Bil Browning

McDonalds settles case with Indianapolis gay men denigrated in Louisville

Filed By Bil Browning | May 06, 2009 12:30 PM | comments

Filed in: Living

Nine months after an employee at a McDonald's restaurant in downtown Louisville called a group of gay customers a series of anti-gay slurs, the American Civil Liberties Union announced today that McDonald's has agreed to a cash settlement and diversity training for management at 30 of its Louisville-area restaurants.

Ryan Marlatt, Teddy Eggers, and three other friends had stopped for lunch at a McDonald's restaurant on East Market Street on July 26, 2008 while visiting Louisville for the weekend. While they waited for their food to be prepared, an employee behind the counter referred to them as "faggots" to another employee. When Marlatt and Eggers objected to the slur and asked to speak with a manager, the employee who had called them "faggots" started arguing with them, repeatedly calling them "faggots" in front of other customers and calling one of them a "cocksucker" and "bitch."

"The reason we made such a big deal out of this to begin with was because we didn't want it happening to anyone else, so I'm very glad McDonald's management is going to be having these trainings," said Eggers of Indianapolis, Indiana. "We were hurt and upset, but at least we're adults and can handle being called names. We hated thinking that this kind of harassment might also happen to someone young and vulnerable who would really take it to heart."

The supervisor on duty refused to refund the group's purchase, so Marlatt attempted several times in the following weeks to contact both the general manager of the McDonald's and the corporate offices, with no results. Louisville law prohibits discrimination on the basis of sexual orientation, so the ACLU filed a complaint in September on behalf of Marlatt and Eggers with the Louisville Human Relations Commission. In October, representatives of a variety of lesbian, gay, bisexual, and transgender groups as well as other civil rights organizations protested at the downtown Louisville McDonald's where the incident took place.

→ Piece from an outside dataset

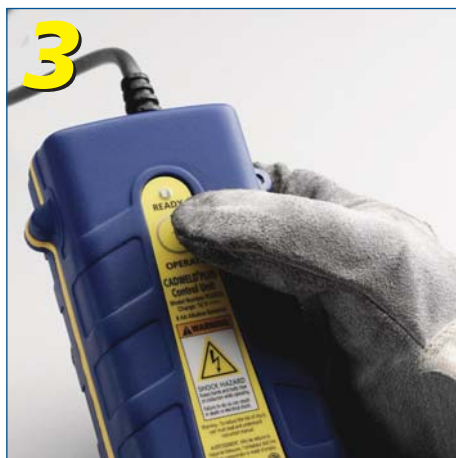
Press and hold control unit switch and wait for the ignition

Although Marlatt and Eggers only asked for $28, McDonald's offered them $2000 each on its own, which they accepted, Sun said. The Louisville Human Relations Commission has been thoroughly investigating Eggers and Marlatt's complaint since it was filed last September and helped negotiate the settlement between the parties.

"We're really grateful to the Louisville Metro Human Relations Commission for its investigation, as well as to our friends at the Fairness Campaign, and commonGround at the University of Louisville, for keeping the pressure on McDonald's to do the right thing," said Michael Aldridge, Executive Director of the ACLU of Kentucky. "While we're fortunate to have a law banning sexual orientation discrimination in Louisville, this goes to show that it's still important to speak out and do something about it when your rights are violated."

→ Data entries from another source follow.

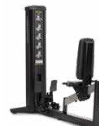
MULTI-PLANE CALF #G607

PRODUCT DIMENSIONS 56 x 36 x 77 in (142.4 x 91.4 x 195.5 cm) WEIGHT STACK 200 lbs (90 kg)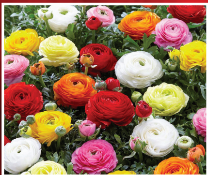
Item "M" Ranunculus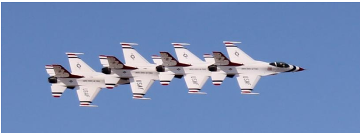
Thunderbirds Luke Days 2024

ARIZONA LTC CERTIFICATION LICENSE 5756150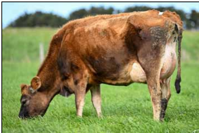
CAMO LADY 62 - Family Member of Lot 29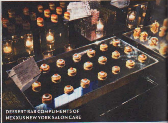
DESSERT BAR COMPLIMENTS OF NEXXUS NEW YORK SALON CARE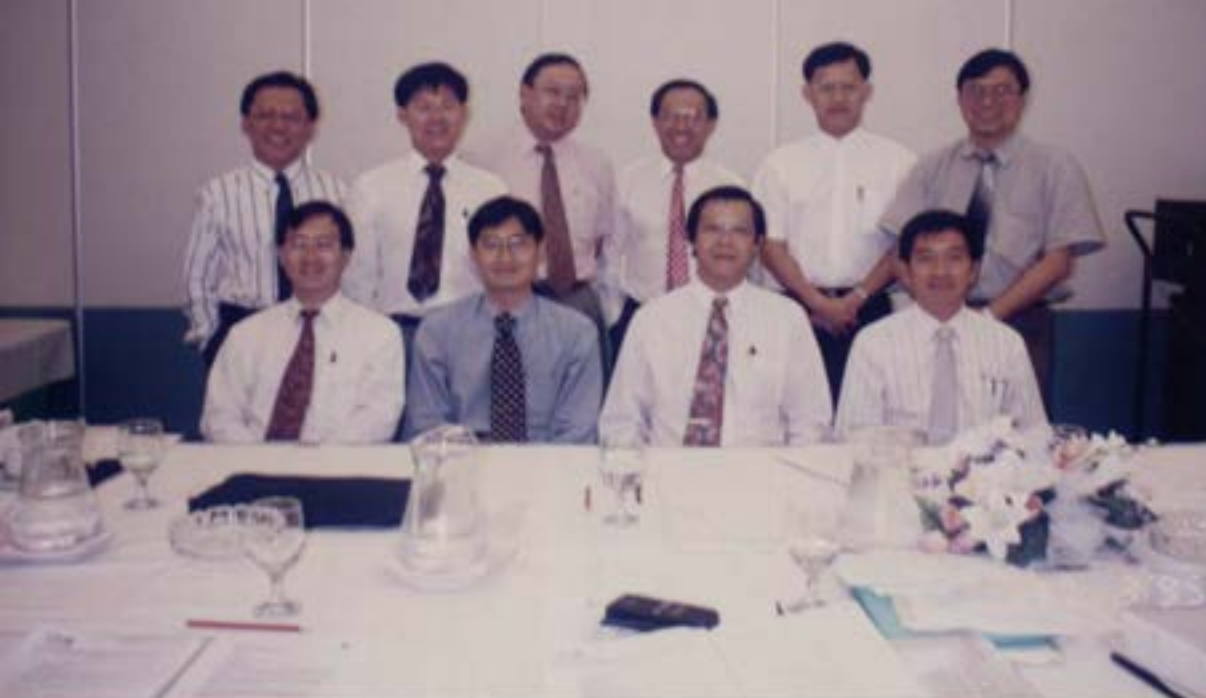
13th Board of Governors (1995)

"McDonald's could have saved itself a lot of embarrassment if they'd just done the right thing from the start and done something about this, but it's great that so many people stood up for us and came forward to say treating people the way we were treated is wrong," said Marlatt. "We just hope the trainings keep McDonald's from letting this happen to any of their customers from now on."

When their Louisville Human Relations Commission complaint was filed, Marlatt and Eggers asked for a refund of the money they spent on the McDonald's meal, and asked that one employee - the cashier who objected to the other employee's name-calling - be commended. "She was the only employee in the whole place who tried to help us," said Eggers. "I hope she hears about this and knows how much we appreciated her sticking up for us."

"While we wish Ryan, Teddy, and their friends hadn't had to go through this whole experience to begin with, we're glad that at least McDonald's is taking steps to prevent anything like this from happening again in the future," said Christine Sun, a senior staff attorney with the ACLU Lesbian Gay Bisexual Transgender Project who is representing Marlatt and Eggers. "Businesses should treat all of their customers with respect regardless of their sexual orientation."